The pic of the fish on the floor is 100% coho with that lateral line and the hooked nose. Way better pic than the others.
The other pics were fine in their own right, but just not as convincing as to the identity of the fish.
But there's two lingering head-scratchin' puzzlers left to this story. Even in the dead fish pic, there is no protruding ovipositor. A spawner coho returning this late would be ready to spill her load within days of hitting the river.
Would've been nice to know what was inside the belly. Case of wayward immature ocean fish with a bad sense of timing? Case of testicular feminization (Google it)? Super early fall 2010 spawner? Who knows?

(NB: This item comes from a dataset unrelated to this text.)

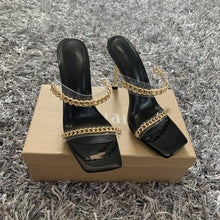 Summer Women Sandals Square Toe Ladies Heel Clear Transparent High Heels Slippers Fashion Chain Woman Open Toe Slip On Dress Luxury Party Backless Slides High Heels Slipper

But lack of a prominent ovipositor just does not pass the smell test.
And neither does the Ifisher's account of the clearly dead fish in the bottom of the boat. He states:
"This picture is when she first came aboard as a large hatchery steelie and this is what was going to happen !!! Then when she was set on bottom of boat she turned into ......?????"If the still living fish had just been hoisted onto the deck and laid flat on its side, the eye would be BURIED downward into the maxillary plate trying to maintain its physiologic vertical orientation in space. But CLEARLY, the coho in the bottom of the boat is neurologically dead.... look at the eyes, they tell no lies! And yet in the hero shots of the kid (supposedly taken immediately AFTERWARD), the fish is still neurologically intact.
I went back and looked at the photos in the dude's gallery... and the numeric order of image tags from his camera show the horizontal hero shot was taken first, the vertical hero shot second, and the DEAD fish shot dead last.... CIMG2560, CIMG2562, and CIMG2563.
Logical conclusion, at least in my mind, is the fish was bonked shortly after the hero shots were taken. Big, bright, and clipped.... honestly, who could resist the temptation?
Wonder how many here still think the obviously dead fish was turned loose?